4.3. Transformation of Lactobacillus casei for Electroporation
The constructed plasmids were transformed into L. casei via electroporation. Competent cells of L. casei were prepared according to the following protocol: In total, 2 mL of L. casei was cultured into a 100 mL MRS+ 2% glycine media and incubated overnight at 37 °C until the optical density in the logarithmic phase was reached without shaking at 5000 rpm and at 4 °C. The L. casei cells were chilled on ice for 10 min and harvested via centrifugation at 5000 rpm and 4 °C for 10 min, washed twice with 40 mL of ice-cold EPWB (NaH2PO4 0.6 mmol/L, MgCl2 0.1 mmol/L), and then washed once in 40 mL of ice-cold EPB (NaH2PO4 0.6 mmol/L, MgCl2 0.1 mmol/L, 0.3 mol/L Sucrose). The L. casei cells were centrifuged for 10 min at 5000 rpm and 4 °C. The iced L. casei competent cells were resuspended with 1 mL of EPB, which was used prior in electroporation.

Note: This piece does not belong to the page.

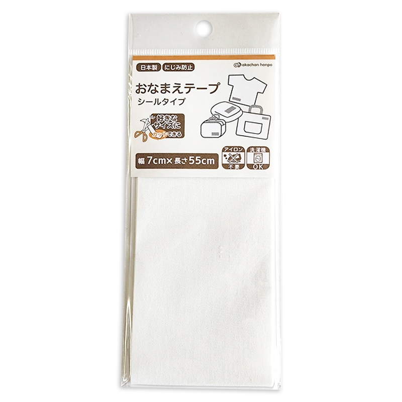 大容量 シールタイプ。 必要な大きさに切って使用する大容量のおなまえコットンテープ。 テープを好きな長さにカットし、油性ペンや布用インクのスタンプで名前を書いて使用できます。 お洗濯したい布ものは、アイロンを当てればOK。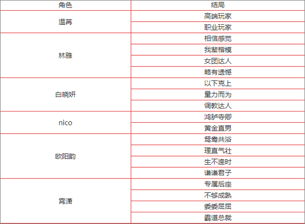 林雅和温苒、霄潇和欧阳韵、白晓妍和nico这三对是有共同的完美结局的

Competent cells of L. casei were mixed with 1 μg of the plasmid pLCNICK-PyrR-HAS-sgRNA and subsequently transferred into a precooled 2 mm electroporation cuvette at 2.2 kV, 200 Ω, and 25 μF with a Bio-Rad GenePulser Xcell. The precooled MRS+ 500 mM sucrose broth (1 mL) was immediately added to the electroporation cuvette, which was then transferred to a culture tube to recover growth for 5 h at 37 °C without shaking. The recovered cells were grown on MRS plates containing erythromycin (5 μg/mL) for 4 or 5 days, and single colonies were randomly selected for growth in MRS broth containing erythromycin (5 μg/mL). All colonies were used to extract the genome as the template determining the PyrR was knocked out using the PCR method. The L. casei mutation strain with the PyrR gene deletion in its genome was constructed to identify the positive clone (named L. casei ΔPyrR). All of the PCR products obtained from identifying the positive clone were sequenced to confirm the deleting strain.
4.4. Prokaryotic Expression of Recombinant Plasmid and Its Anti-Mice PyrR Protein Polyclonal Antibody Preparation
The recombinant protein of PyrR was expressed by the expressing vector of Cold Shock Expression System pCold™ DNA (Takara Bio Inc., Kusatsu, Shiga, Japan), and the recombinant proteins were induced via IPTG and purified using the His-tag Protein Purification Kit (Beyotime, Shanghai, China). The purified protein was immunized in mice to produce an anti-mice PyrR protein polyclonal antibody, which was taken from the serum of mice that was used in the Western Blot analysis part of our study.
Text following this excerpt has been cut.